Joann Sfar

Joann Sfar (Niza, 1971) es un dibujante y guionista de cómic, conocido especialmente por ser co-escritor de los numerosos álbumes de la serie La Mazmorra y por ser autor de la serie El gato del rabino.

Licenciado en Filosofía en Niza, Sfar completa su formación en la Escuela Nacional Superior de Bellas Artes de París, entrando en el estudio de Pierre Carron. Tal y como explica en sus Carnets, las clases de morfología de Jean-François Debord le marcaron especialmente en aquel periodo.

La introducción de Sfar en el mundo del cómic se produce por dos vías totalmente diferentes, pero simultáneas. Por un lado, encuentra trabajo como guionista en la editorial Delcourt, donde demuestra un gusto formidable a la hora de narrar. Por el otro, escribe y dibuja obras para la editorial de cómic independiente L’Association, donde explica historias menos convencionales con un dibujo aparentemente desenvuelto, más interesado en la narración espontánea que en malgastar la energía de la inspiración realizando “dibujos bonitos”.

Sfar se rodea de artistas gráficos de la prensa de humor como Ronald Searle, Sempé y su admirado Quentin Blake; el ilustrador de los cuentos de Roald Dahl. Por otro lado, Sfar se reivindica como un heredero de la obra de Hugo Pratt.
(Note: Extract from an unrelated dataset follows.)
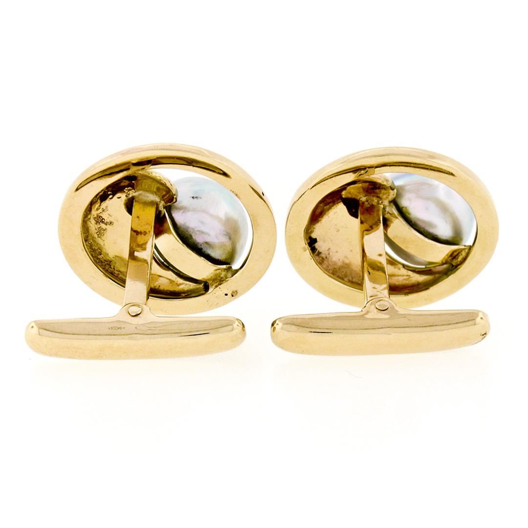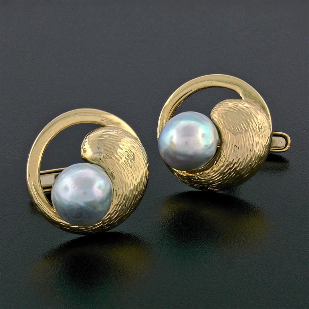 A vintage solide 14k yellow gold large cufflinks, featuring 2 round shape nautral cultured pearls (10.75mm ). These cuff links have a swivel design with a clearance of 12.80mm, weigh a total of 19.52 grams, and the front panels measure 20.85mm in diameter.

Erudito, interesado en diversas culturas e ideas, Joann Sfar ha desarrollado en apenas diez años una obra sorprendentemente extensa y atractiva que ha llamado la atención de lectores ajenos al cómic tradicional.
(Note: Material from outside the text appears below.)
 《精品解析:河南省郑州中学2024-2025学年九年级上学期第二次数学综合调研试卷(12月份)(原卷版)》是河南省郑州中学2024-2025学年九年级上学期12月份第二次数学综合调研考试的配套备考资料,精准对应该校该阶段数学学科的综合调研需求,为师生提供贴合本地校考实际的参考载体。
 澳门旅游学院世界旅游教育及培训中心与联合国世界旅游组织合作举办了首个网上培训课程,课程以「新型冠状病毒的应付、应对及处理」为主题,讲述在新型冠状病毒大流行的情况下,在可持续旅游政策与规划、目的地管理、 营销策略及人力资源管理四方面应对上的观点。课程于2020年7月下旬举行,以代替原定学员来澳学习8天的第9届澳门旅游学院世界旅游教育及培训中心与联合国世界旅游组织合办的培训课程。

La palabra clave de la obra de Sfar es sin duda “familia”. No conoció a su madre el tiempo suficiente como para tener recuerdos de ella y muchos afirman que sus personajes femeninos tienen ecos de esa madre “fantasma”. Su padre, un abogado famoso, parece ser alguien particular.

A fecha de hoy, Sfar tiene dos familias en el mundo del cómic: La primera, la que forman sus personajes, que suelen saltar de serie en serie, en la línea de los cómics de Osamu Tezuka. La segunda, la que ha establecido con sus colaboraciones con diversos historietistas. A Sfar le encanta trabajar con otros, algo que evidencia la serie La Mazmorra o sus proyectos de edición en Bréal Jeunesse.
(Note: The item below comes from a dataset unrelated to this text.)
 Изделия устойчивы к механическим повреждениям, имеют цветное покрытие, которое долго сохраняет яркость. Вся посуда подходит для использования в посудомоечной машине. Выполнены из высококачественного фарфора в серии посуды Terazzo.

En la opinión de algunos, la serie Isaac El Pirata de Christophe Blain es un retrato fantasmagórico de Joann Sfar (relaciones padre-hijo, judaísmo) y del propio Blain (viajes, marina).

La obra de Sfar va por libre, de un modo talentosamente autosuficiente, con una unidad que sólo se puede encontrar en las preocupaciones personales del autor: la virilidad, la feminidad, Dios, el arte, la política, la historia, la filosofía, la literatura, el cine, las culturas de los países que visita, la música...

En el año 2010 inicia su carrera como director cinematográfico con dos proyectos: Serge Gainsbourg, vie héroïque, biopic sobre el cantante Serge Gainsbourg,1 2 y llevando a la pantalla su obra El Gato del Rabino

 

Enlaces/obras:

El minúsculo mosquetero

El gato del rabino

Profesor Bell

París-Londres

 

Comentarios sobre la obra de Sfar que se realizaron en la tertulia YamaguchiComic:

Jesús García Salguero

El habitual resumen de la tertulia, sujeto a mejoras por las y los presentes...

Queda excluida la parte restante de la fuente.